→ Task statement:
In the entries below, find the line with "Stainless steel 316Ti" and the line with "Кроме того, пользователь", then retype both and everything between them exactly. Do not copy the pictures.

::: Entries supplied

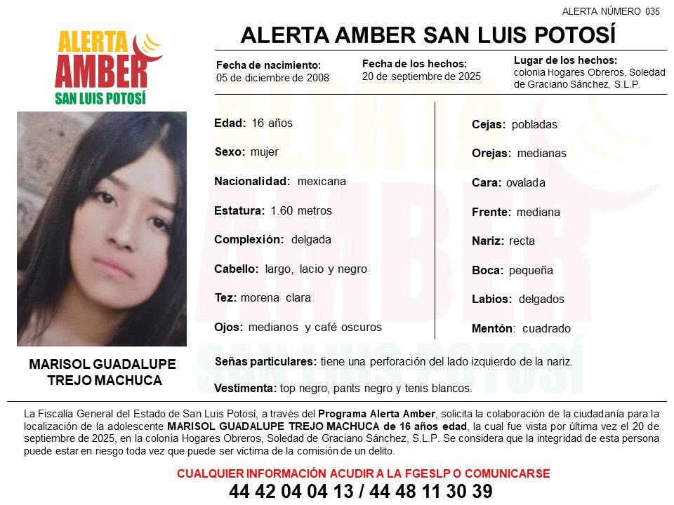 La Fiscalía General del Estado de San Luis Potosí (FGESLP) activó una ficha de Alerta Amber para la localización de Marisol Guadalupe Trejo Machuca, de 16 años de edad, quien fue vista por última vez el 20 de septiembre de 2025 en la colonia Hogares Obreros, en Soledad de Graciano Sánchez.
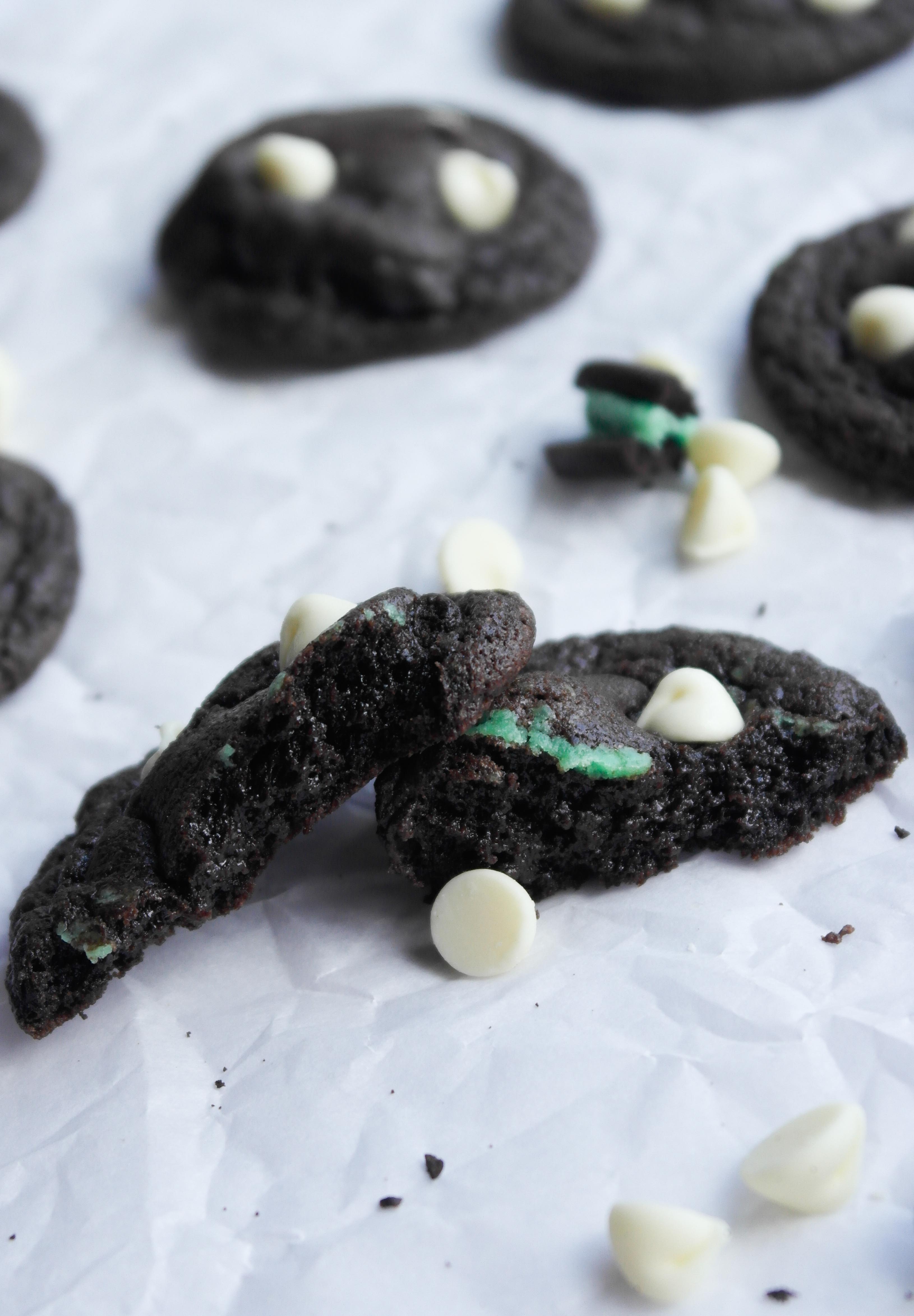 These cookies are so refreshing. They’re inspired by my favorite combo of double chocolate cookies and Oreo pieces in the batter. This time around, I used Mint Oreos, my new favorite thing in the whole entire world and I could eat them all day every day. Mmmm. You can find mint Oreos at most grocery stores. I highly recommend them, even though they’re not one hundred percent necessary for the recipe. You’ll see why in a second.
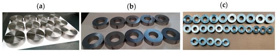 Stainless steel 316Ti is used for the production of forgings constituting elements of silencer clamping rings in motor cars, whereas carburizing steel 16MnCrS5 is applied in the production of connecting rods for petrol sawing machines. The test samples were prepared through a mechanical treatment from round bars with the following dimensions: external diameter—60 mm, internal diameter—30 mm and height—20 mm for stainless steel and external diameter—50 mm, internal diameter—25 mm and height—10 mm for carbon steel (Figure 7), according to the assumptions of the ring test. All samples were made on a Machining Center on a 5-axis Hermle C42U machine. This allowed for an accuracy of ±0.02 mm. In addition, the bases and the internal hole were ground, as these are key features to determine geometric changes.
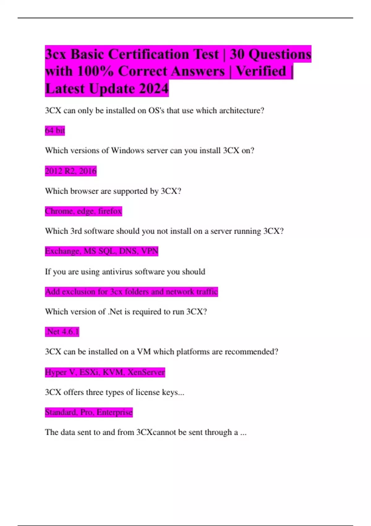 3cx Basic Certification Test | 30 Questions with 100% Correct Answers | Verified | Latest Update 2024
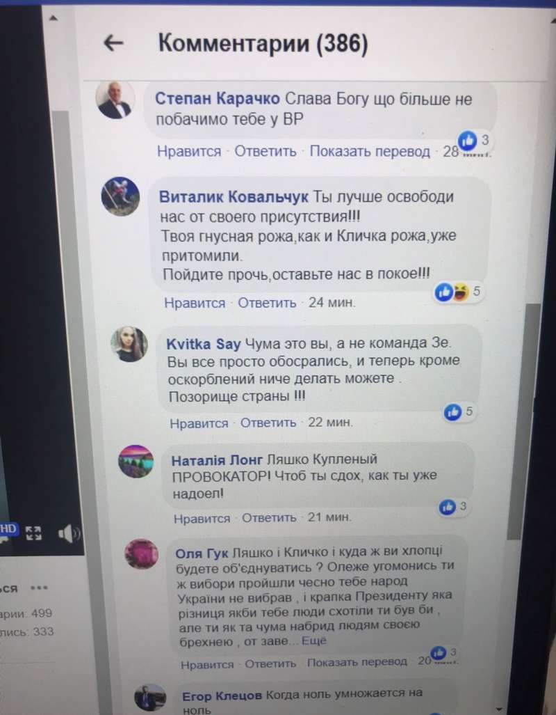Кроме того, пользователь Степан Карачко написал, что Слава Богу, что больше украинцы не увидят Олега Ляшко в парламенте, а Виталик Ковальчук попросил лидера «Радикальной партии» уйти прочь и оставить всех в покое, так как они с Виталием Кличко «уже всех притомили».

::::::
::: Entries supplied

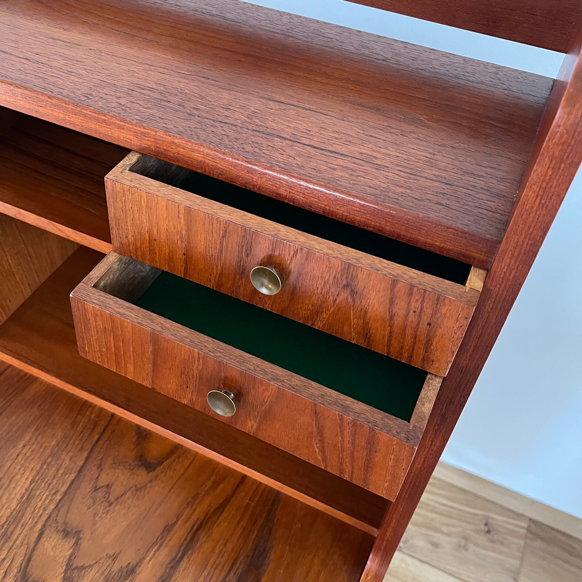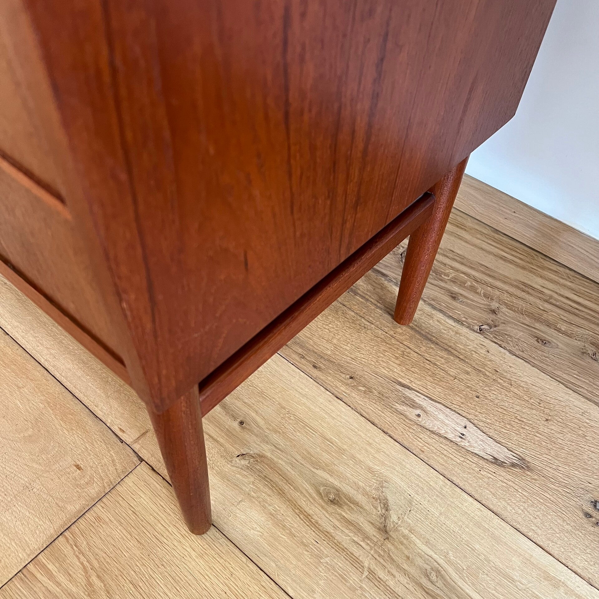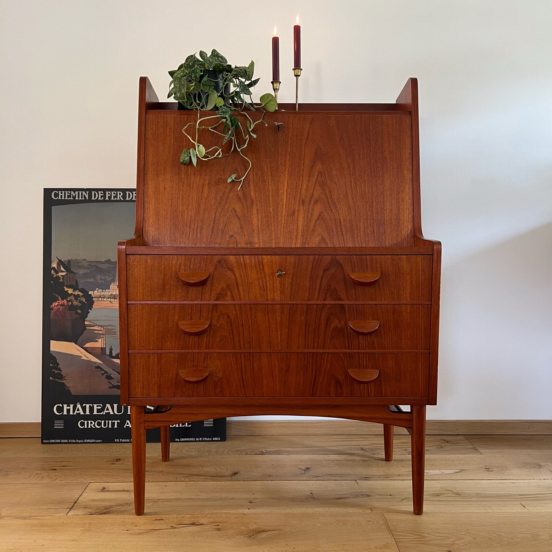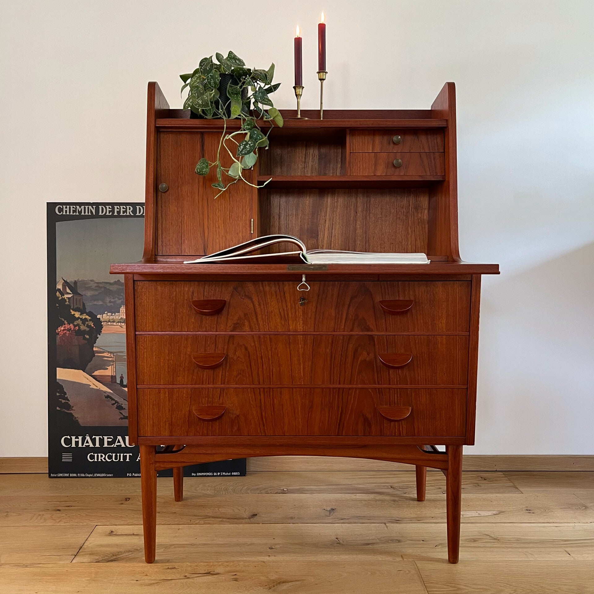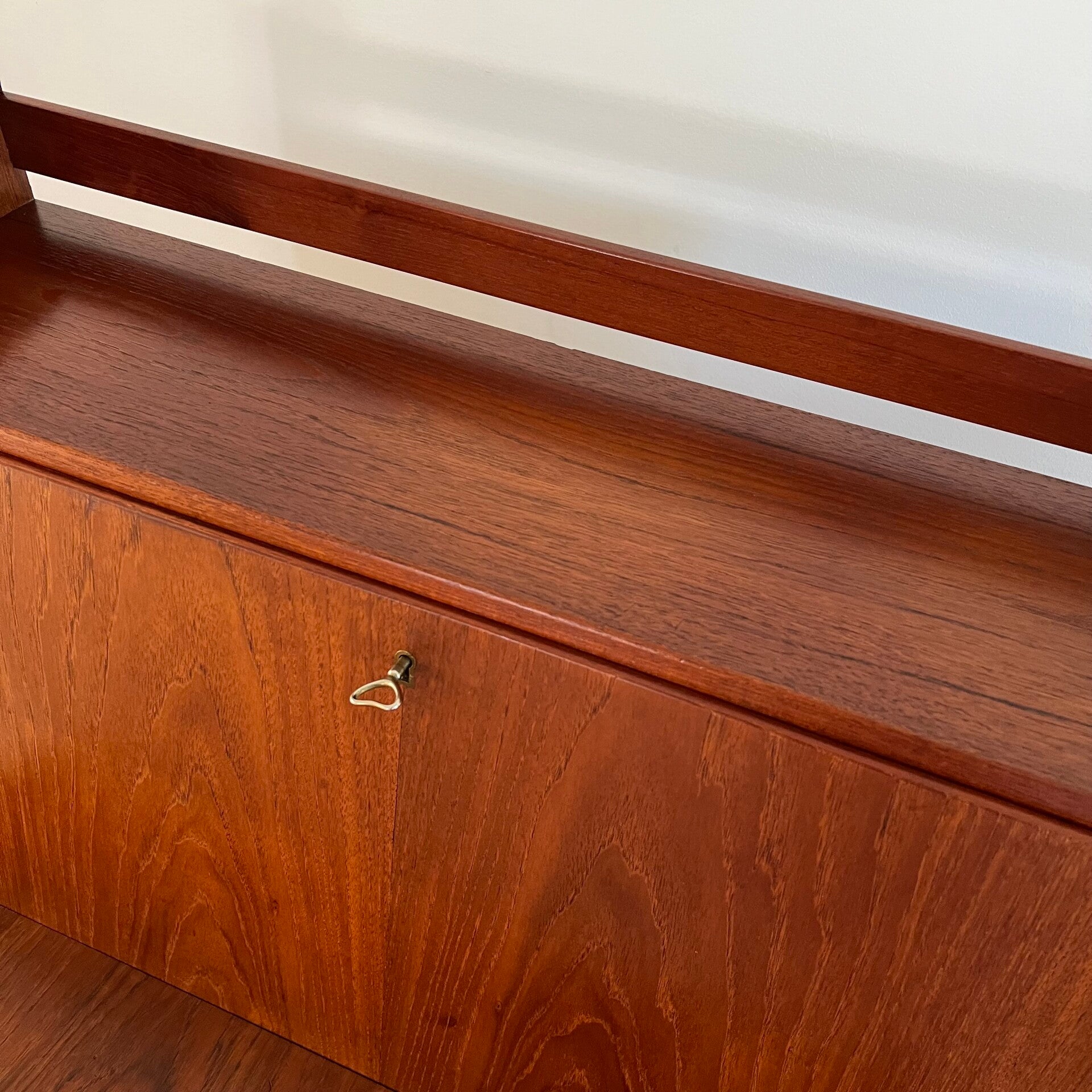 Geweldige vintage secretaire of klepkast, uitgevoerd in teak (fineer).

::::::

→ The completed task:
 Stainless steel 316Ti is used for the production of forgings constituting elements of silencer clamping rings in motor cars, whereas carburizing steel 16MnCrS5 is applied in the production of connecting rods for petrol sawing machines. The test samples were prepared through a mechanical treatment from round bars with the following dimensions: external diameter—60 mm, internal diameter—30 mm and height—20 mm for stainless steel and external diameter—50 mm, internal diameter—25 mm and height—10 mm for carbon steel (Figure 7), according to the assumptions of the ring test. All samples were made on a Machining Center on a 5-axis Hermle C42U machine. This allowed for an accuracy of ±0.02 mm. In addition, the bases and the internal hole were ground, as these are key features to determine geometric changes.
 3cx Basic Certification Test | 30 Questions with 100% Correct Answers | Verified | Latest Update 2024
Кроме того, пользователь Степан Карачко написал, что Слава Богу, что больше украинцы не увидят Олега Ляшко в парламенте, а Виталик Ковальчук попросил лидера «Радикальной партии» уйти прочь и оставить всех в покое, так как они с Виталием Кличко «уже всех притомили».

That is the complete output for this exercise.